**Task**
In the records below, find the line containing "Bin Level Control Sensor", then print it and every following line exactly, through the last, without pictures.

Records from a data collection:
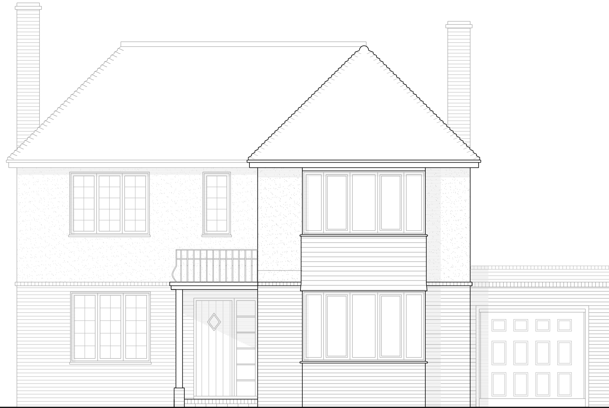
Proposed South West Elevation Scale 1:50
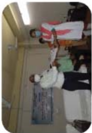
Certificate Delivery by Director
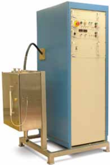
25 kW PEF treatment system. The enclosure containing the PEF treatment chamber is shown on the left. The tall cabinet contains the pulse modulator, controls, and high voltage power supply.

Pulsed Electric Field (PEF) processing passes liquid foods or other pumpable products through a treatment chamber, where the product is subjected to short (1 \mu s – 20 \mu s) pulses of very high voltage. The high voltage field created across the liquid (approximately 35-50 kV/cm) kills microorganisms via electroporation, the rupturing of the organism's cell membrane. Typically, multiple treatment chambers apply pulses to a stream of fluid, achieving kill ratios of 5-9 log, similar to those of pasteurization. Experiments have demonstrated that the shelf life of PEF processed food is comparable to that of pasteurization, with no adverse impact on the taste or nutritional value of the food. The same system, operating at lower electric field strength, can be used to make plant and meat tissues permeable to support extraction, drying, and other processes.
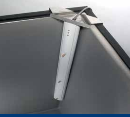
Bin Level Control Sensor
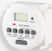
TH82712V Snap-on digital clock See page 301.
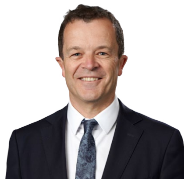
The Honourable Mark Speakman SC MP

**Exercise answer**
Bin Level Control Sensor
TH82712V Snap-on digital clock See page 301.
The Honourable Mark Speakman SC MP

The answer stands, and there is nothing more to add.